The pitfalls of not considering replication become evident when you rely on a single library. In case of hardware failure, your entire collection is at risk, leading to data loss and costly downtime. Without replication, scaling to meet increasing demand becomes challenging, limiting your application's potential.
However, with replication, you enjoy an array of benefits. Improved data availability means your application stays up and running even in adverse conditions. Load balancing ensures efficient resource utilization, while failover mechanisms kick in when needed, ensuring uninterrupted service. Plus, you can easily scale your database to accommodate growing workloads.
In essence, replication is your fail-safe mechanism, your data's guardian angel. It's not just a best practice; it's a lifeline for safeguarding your precious data, avoiding potential pitfalls, and reaping the many benefits it brings to the table. Now that we understand the vital importance of replication for your database, let's delve into the 'how' — how to create a replication set in MongoDB.
How a Production level setup would look
Now that we've explored why replication is crucial, let's delve into how a production-level setup would appear.

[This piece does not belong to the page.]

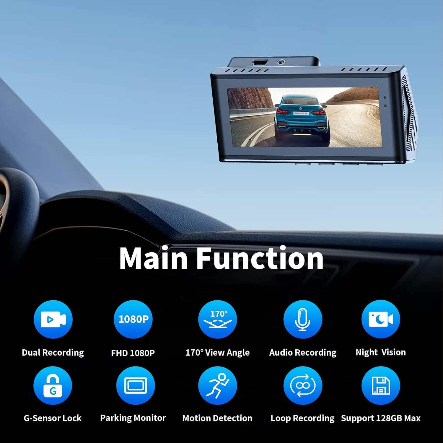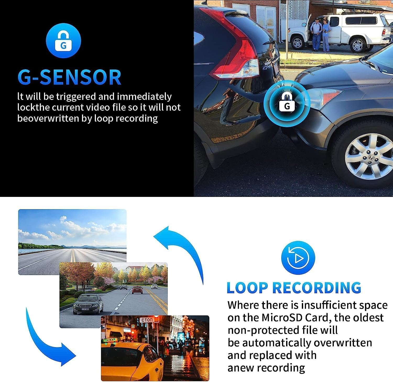 {1080P FHD LCD Screen & Dual Recording} Dash cam front and rear in 1080p FHD resolution, it’s equipped with 170 degree wide angle lens, help eliminate the blind spots of your vision and captures critical details,can also help you read key details such as road signs and vehicle license plates more clearly, bringing you better driving pleasure and better security. The 3.39 inch Large LCD screen allows you to monitor and play back key moments, providing reliable protection for your safe driving. [Loop Recording and Emergency Accident Locks] To assure indefinite loop recording, the oldest unlocked footage will be automatically erased when the memory card reaches its maximum storage capacity. Once the built-in emergency lock senses a collision, the dash cam will automatically lock the currently recording footage as evidence of an event. Loop Recording will not overwrite the locked files. {Super Night Vision and Screen saver} F2.0 aperture and a Starvis sensor, making it easy to obtain sharp, color-accurate images WDR technology for better color accuracy and clarity, which is a good helper for your night driving. When the screen saver is on, the screen auto turns off the screen backlight after a corresponding period of time when dash cam is not operating, but it is in a normal recording state, avoiding the problem of nighttime light reflection on the screen. {Parking Monitor Function} When the car engine and camera are both off, if the parking guard is on, the camera will automatically start recording when it detects vibration and collision, lock a video, and then automatically shut down. If a dash and cabin cam is required to protect your vehicle 24/7, an additional hardware kit needs to be installed. {Easy to install & Great After-Sales} This dash cam easy to install. Use 3M sticker stand, with the included electrostatic sticker, you can stick it anywhere you want without leaving any smudges. We offer 7*24 hours of technical support. Please contact us without hesitation if you have any questions. [Pruveeo Support] PRUVEEO dash cam is backed by full 18-MONTH Assurance .We offer 7*24 hours technical support.You can text us or email pruveeo support service and we will quick solutions.It can comes with a free replacement or Refund if the dash cam have any doubts. Product Description PRUVEEO L2-2CH DUAL DASH CAM PRUVEEO L2-2CH dash cam front and rear is Newest introduction Dash Cam in 2023,Constant Protection for Driving ! Hidden Mounted behind your windscreen, they record what’s happening around you while you drive.It comes with G-Sensor, parking monitor,auxiliary parking,motion detection and emergency collision detection Hopefully the a stunning vista while you’re on a road trip. They can also provide invaluable evidence in the event of an accident or insurance claim. 24H Parking Monitor - You need to purchase an ACC hardwire kit (search for B09SCPM4C4) with low battery voltage detection to leave it running when parked (not included). The dash cam works automatically. It starts recording when the engine is turned on and stops when it is turned off. The memory card is NOT included in the packaging. Max Supports a 128 GB Micro SD Card.class 10 or above. Please format the memory card on computer and on dash cam first before recording. The function of built in 150mAh battery is just for emergency recording and saving settings. Please keep the dashcam plugged in always, the dual dash cam will shut down after 5 seconds when there is no external power connection. The dashcams covers basic functions what you need for daily driving. It's a decent gift for family and friend. Warm tips: This L2-2CH dash cam due to the angle issue of the machine itself, is not suitable for your trucks. Truck drivers aren't advised to purchase it and can choose other models of Pruveeo dash cam.The dash cam is suitable for installation and use in cars, taxis, etc. New Model:J20-4CH Mirror Dash Cam,4 Channel Camera FHD 1080Px4, Front, Left, Right and Rear,please search for ASIN B0BY7TCZJ3 . New Model:J30 Mirror Dash Cam,3 Channel Camera 1440P+1080P+1080P Front Inside and Rear,please search for ASIN B0BL32YWTG. New Model:J12 9.66 inch Mirror Dash Cam,please search for ASIN B0CW64RWJ6 New Model : D90-4CH 4 Channel Camera FHD 1080Px4, Front, Left, Right and Rear ,please search for ASIN B0BJZQ37G7 Specification : · Screen : 3.39 inch LCD Display · Lens Angle: 170° Wide · Lens Aperture: F1.8 aperture · Video format: AVI · G-Sensor Lock : Supported · Internal Power: Built-in Li-ion Battery · External power supply : DC 5V/1.5A · Operating Temperature:14°F(-10°C)~170°F(75°C) · Storage : Micro SD Card 32GB-128GB (NOT included) What's in the Box? 1 x L2-2CH Dash Cam 1 x Rear Camera 1 x 3M Double-sided Sticker 1 x Car Charger 1 x User Manual Other necessary accessories Easy Installation front Dash cam Pruveeo L2-2CH Dash Cam perfectly sits by or behind your rear-view mirror ,discreet and hidden,Ultra-Compact,discreet and removabledesign,never blocks your view.with minimized distraction. The signature's low-profile design allows the dash cam to be a well-hidden witness to safe driving on the road ahead.(Warm tips:This dash cam due to the angle issue of the machine itself,is not suitable for installation and use on trucks, suitable for installation and use in cars, taxis, etc.) 3.39 Inch 1080P Full HD IPS Screen PRUVEEO dash camera Comes with 3.39 inches high definition screen and updated FHD 1080P resolution can be intuitive to watch all the things happening at any time and place, but also helps you clearly see every details when playing back and providing you the best visual experience. Dual Channel Dash Cam Front and Rear With 170° front and140° waterproof rear lens, allows a Wider and Crystal-clear view.the dash cam front and rear can provides greater security.You don't have to worry about the camera situation even in rainy or cloudy weather.Three display modes: front and rear, front only, rear only. Parking Moni

In the illustration above, you can observe a primary node and two distinct secondary databases. Additionally, there's an arbiter situated on its own server, tasked with monitoring all the databases within the cluster. It continuously sends out small heartbeats to ensure all the machines remain online. In the event that the primary node experiences downtime, communication with it becomes impossible. In such a scenario, the arbiter steps in and assesses the remaining servers within your cluster. Subsequently, it will arbitrarily promote one of the secondary servers to assume the role of the new primary. This mechanism ensures the continued operation of your database even in the face of primary node failures.
For this demonstration, we will create a primary and a secondary node. However, if you intend to implement this replication setup in a production environment, I highly recommend following the complete setup outlined above.
How
Note: To follow along as we configure a replica set, it's recommended to download the latest version of MongoDB Community Edition. At the time of writing, the latest version is 7.0. For this blog, we'll use MacOS. While most commands are universal and work on both Linux and MacOS, Windows users may need to find equivalent commands.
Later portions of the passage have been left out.